Raúl: I think everything began around mid-2010, I was working as a freelance web developer back then, and a customer asked me to quote an ecommerce project. He didn’t specify any platform or system, so I started to search for the best open source ecommerce platform on the internet and ended up choosing Magento because it was flexible and allowed me to escalate things.
I had so much fun working on that project that I decided to make an ecommerce site of my own. I registered a company and spent a year or so learning and customizing that Magento site to sell perfumes.
Not need to say, I didn’t sell too many perfumes, but I learned a lot about Magento and soon started accepting job offers related to its development.
Cloudways: I believe you have developed a lot of Magento modules and tested even more. According to you, what makes a module successful?
Raúl: I believe that when you cover the needs of people or make their lives easier, your chances of success become high. This can also be applied to Magento modules. For example, modules that either provide functionalities not available with Magento out-of-the-box or that enhance the features already there, are very successful.
If you also follow good development practices, keep code clean, and listen to users feedback, I believe chances of your success are even higher.
Cloudways: How does module development differ for Magento 1 and Magento 2? Do you think Magento 2 modules are more powerful and versatile?
Raúl: I would not say they are more or less powerful since you can do pretty much anything in Magento 2 and Magento 1, but in my opinion, the code is now better organized and favors good practices like ‘SOLID,’ composition over inheritance, and similar others.
Also, we now have access to many cool features and tools present in most of the modern frameworks, such as composer, tests, coding standards, CLI commands, etc. All those things and more come with Magento 2 out-of-the-box.
I especially like having all the files of my modules in one place – something we didn’t have in Magento 1.

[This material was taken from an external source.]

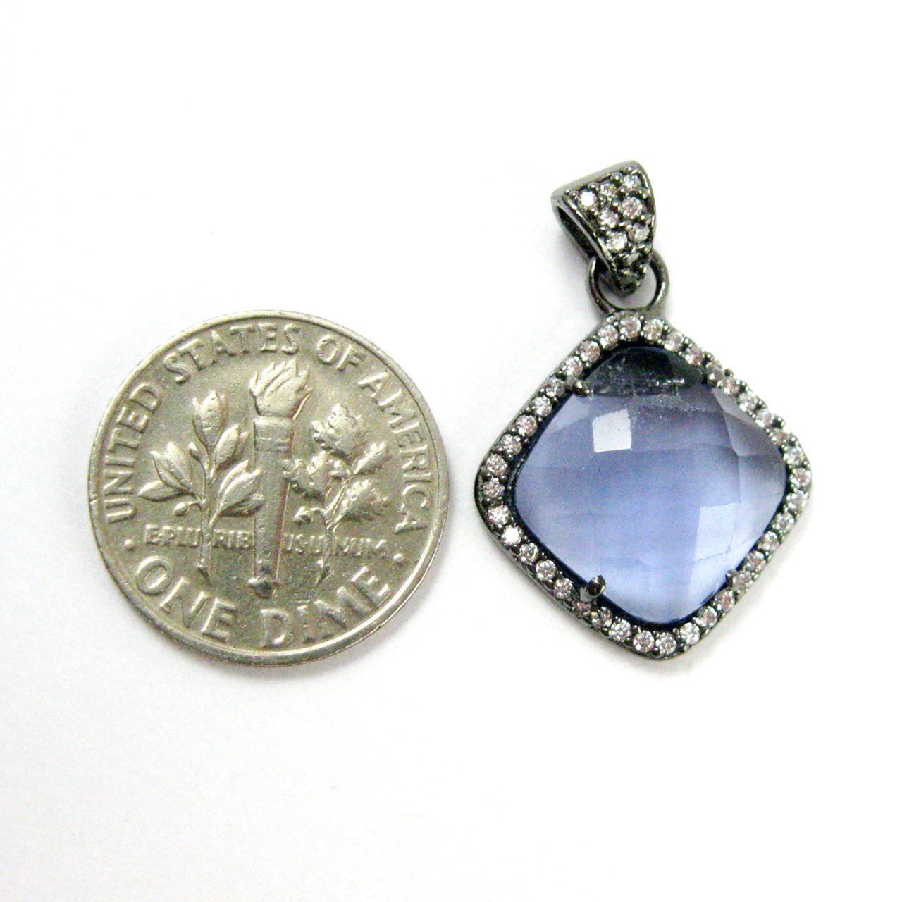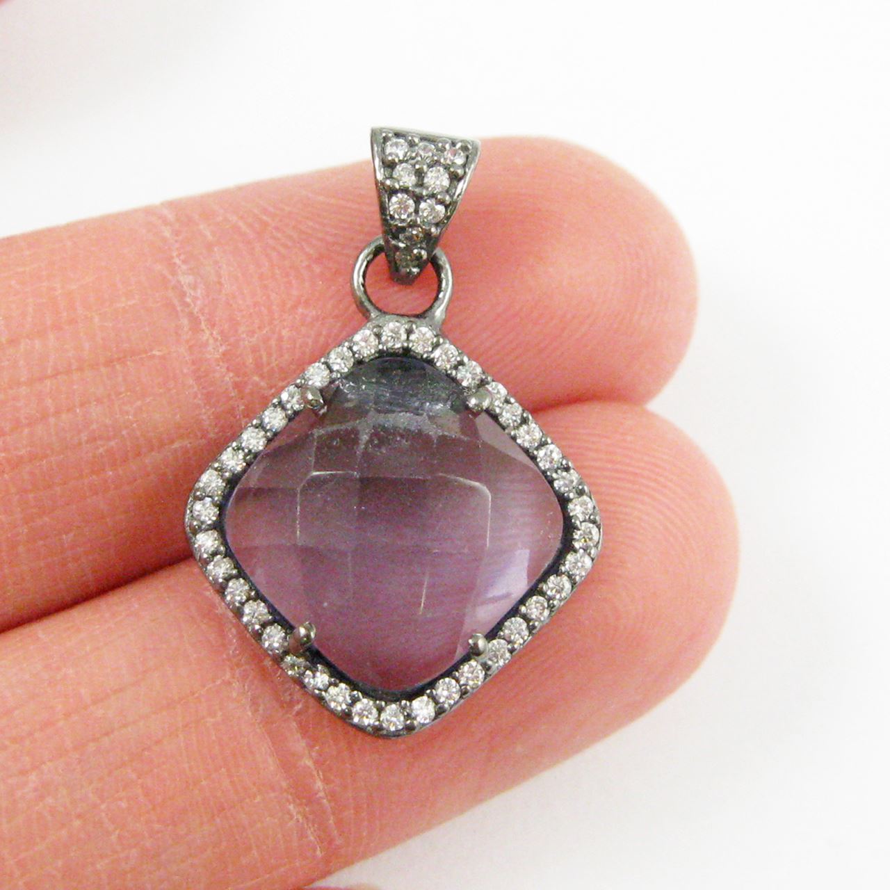 Stone: Iolite QuartzBail and Frame Material: Oxidized Solid Genuine .925 Sterling Silver with Cubic Zirconia CZ Pave stone settingBail: 2.5mm inner diameter, 7mm longShape: Diamond Shape, flat back925: 925 stamp on backMeasurement: 17.5mm wide by 21.5 mm long, 26 mm long with bail, 5 mm thickWeight: 2.4-2.8 grams per piece.Quantity: 1 piece

Cloudways: How much effort is involved in converting an idea into a Magento module? Which module offers the most challenge?

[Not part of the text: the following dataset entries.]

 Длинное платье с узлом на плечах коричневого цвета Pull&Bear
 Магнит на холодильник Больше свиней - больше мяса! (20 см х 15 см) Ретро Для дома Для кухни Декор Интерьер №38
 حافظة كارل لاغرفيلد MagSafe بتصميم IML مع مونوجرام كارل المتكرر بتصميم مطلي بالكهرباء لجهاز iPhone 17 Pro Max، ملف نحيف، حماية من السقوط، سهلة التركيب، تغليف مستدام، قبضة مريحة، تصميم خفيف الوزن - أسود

Raúl: Development is hard when requirements are not 100 percent clear or when you don’t have a clear path to achieve what you need to.
A more recent example I can think of was a module that allows merchants to limit the number of backorders. In this case, the requirement was pretty simple, no doubt with that, but in order to achieve such functionality you have to change a lot of components in Magento 2, and I was not aware of that when I started building that module.
Cloudways: Do you have any must-follow development practices? On a typical workday, what tools do you use to make your development cycle easier?
Raúl: The best development practices that I can recommend to any developer out there is to planify your module development as early as possible.Ask yourself: How should your module work? What would be the best way to build such functionality without breaking some other modules or the upgradability of the platform? Is this something you can reuse in another project? How can you actually test that it works as expected? Is your code readable and easy to understand? Bear in mind that you or someone else will need to come back to it in the future so do not overcomplicate things. Make your life, and everybody’s else easier.
I have some friends who say, “if it ain’t broke, don’t fix it.” I prefer to say, “always try to leave this world a little better than you found it.” If you find a mess on the ground, you clean it up regardless of who might have made the mess. By doing that you will be not just helping yourself but others as well.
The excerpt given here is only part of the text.